Les produits cosmétiques durement frappés
Après l'aéronautique, l'industrie des cosmétiques est celle qui exporte le plus outre-Atlantique, avec près de 13% de sa production envoyée sur le marché américain. Mais cette filière ne bénéficiera désormais d'aucun passe-droit, et se retrouve même parmi les plus affectées par le changement de règles. "D'un côté, il y a du soulagement parce que cet accord donne de la visibilité", a déclaré à l'AFP Emmanuel Guichard, délégué général de la Fédération des entreprises de la beauté.
Mais il vient surtout confirmer une mauvaise nouvelle. "On faisait 0% de droits de douane en janvier vers les Etats-Unis et maintenant, on va être à 15%", remarque ce responsable, rappelant que les Etats-Unis représentent un marché de 3 milliards d'euros annuels pour la filière. Puisque les coûts des droits de douane sont le plus souvent répercutés sur le prix de vente, les produits européens risquent d'être plus chers dans les rayons, et donc moins attractifs par rapport à la concurrence. Rien qu'en France, "cela fait peser une menace sur 5 000 emplois", prédit Emmanuel Guichard.

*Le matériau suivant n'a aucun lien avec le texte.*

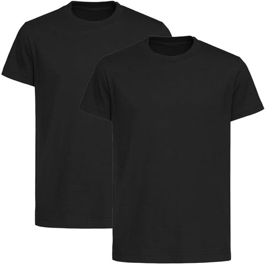 KHIM Kids Adult Pack of 2 Plain PE T Shirts Boys Girls Active Wear Crew Neck T-Shirt Lightweight & Breathable Fabric Ideal for PE and School Uniform

Les petites et moyennes entreprises en alerte
Selon la Confédération des petites et moyennes entreprises (CPME), les conséquences du pacte annoncé dimanche "seront très négatives pour l'économie française et auront des répercussions désastreuses pour des milliers de PME". Dans un communiqué, la deuxième organisation patronale française décrit l'accord-cadre comme "une fausse bonne nouvelle", et juge que le prix à payer pour éviter la guerre commerciale avec les Etats-Unis "dépasse les limites du raisonnable".
Combinés avec la baisse du dollar face à l'euro, ces droits de douane rendront "l'accès au marché américain (…) plus difficile et plus cher pour les entreprises françaises", pointe la CPME. Ces obstacles devraient se faire ressentir "singulièrement pour les PME qui, contrairement à certains grands groupes, n'ont pas la capacité de négocier des 'accords de prix minimum' avec le gouvernement américain", souligne l'organisation.